We need to reinvent @Danone. That’s why we are announcing today a new organization. Local is a way to regain control over our food. The decisions we are announcing today will enable us to return very quickly to our profitable growth equation. https://t.co/dvQFS3P9tp— Emmanuel Faber (@EmmanuelFaber) November 23, 2020
In total, the group is targeting an overall saving of €1 billion euros between now and 2023, with the objective of putting the company on the path to profitable growth.
Over the first nine months of this year, turnover fell 5.4 percent to €18 billion. The Covid-19 pandemic and the subsequent closure of restaurants and bars hit the sales of bottled water such as Evian and Volvic, which fell by over 20 percent.
Danone's shares, which stood at around €75 this time last year, have plummeted since the start of the pandemic to €46 at the end of October.
Rushing into the future
According to CGT trade union coordinator at Danone, Denis Enfer, Faber is just "playing his role [as CEO]" and finds himself having to "keep the promises made to the financiers".

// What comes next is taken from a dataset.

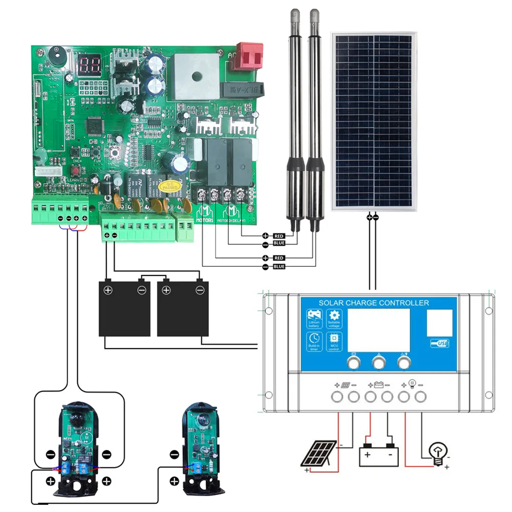 Автоматический набор для открывания ворот с Панели солнечные под среднюю нагрузку на солнечных батареях Dual устройство привода ворот для открывание двойных распашных ворот Поддержка резервного копирования Батарея
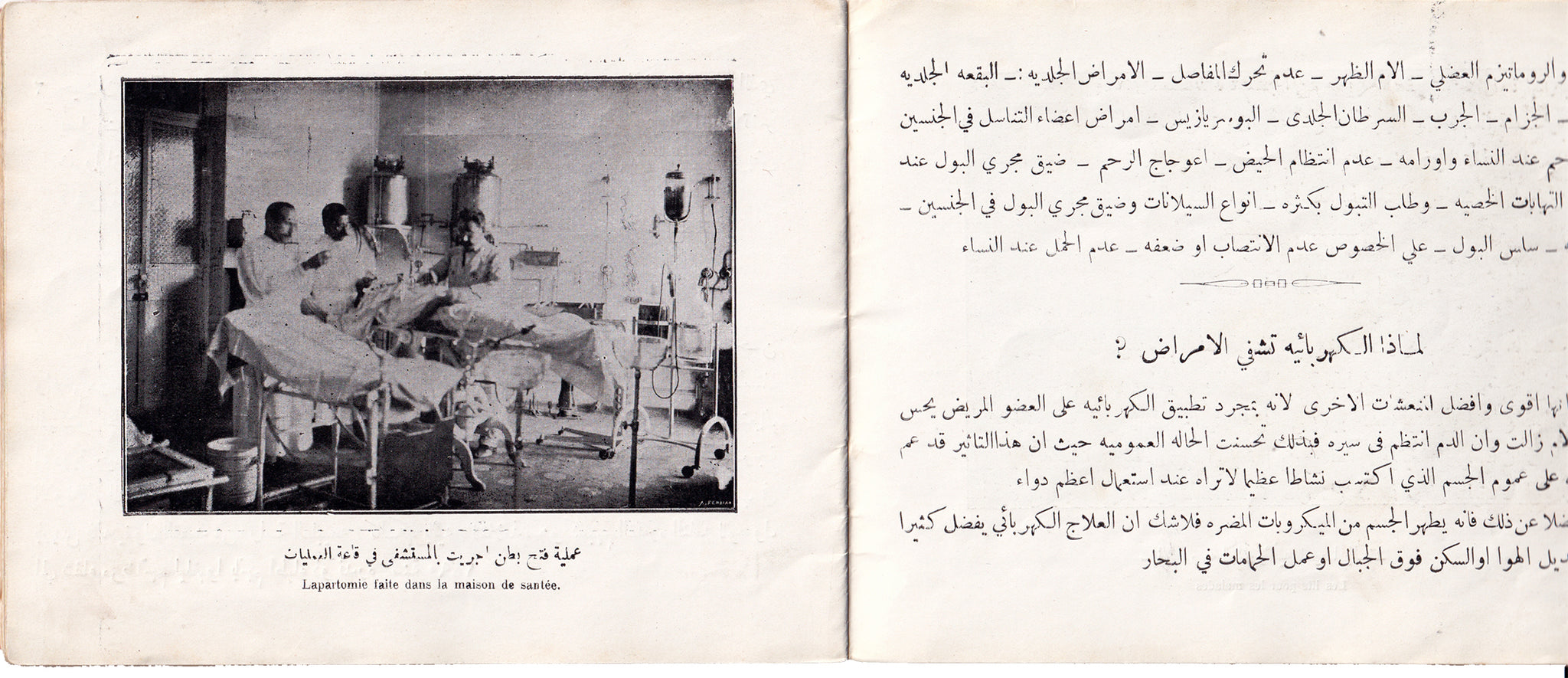 In the album, the medical services provided at the private hospital including "the complete installation for general surgery, electrotherapy, and radiology (ordinary and intensive X-ray), with a chemical and microscopic research laboratory", founded by Şakir in Cairo are presented through rich visual material; the images include the medical equipment used in electrotherapy and radiotherapy, hospital staff, the services offered, and information about the hospital’s location.

Danone "has embarked on a race for profitability with Coca-Cola and Nestlé, which he will never manage to keep up", says Enfer, referring to the restructuring move as a "headlong rush".
For the CEO, the Covid-19 pandemic has sounded "like an alarm".
"[Absorbing] external shocks and the volatility of our environment must lead to the creation of a safety margin" - a "floor" below which profitability can not be allowed to drop.
Faber expects Danone to return to "profitable growth" in the second half of 2021, and a return to a "pre-Covid margin" greater than 15 percent by 2022.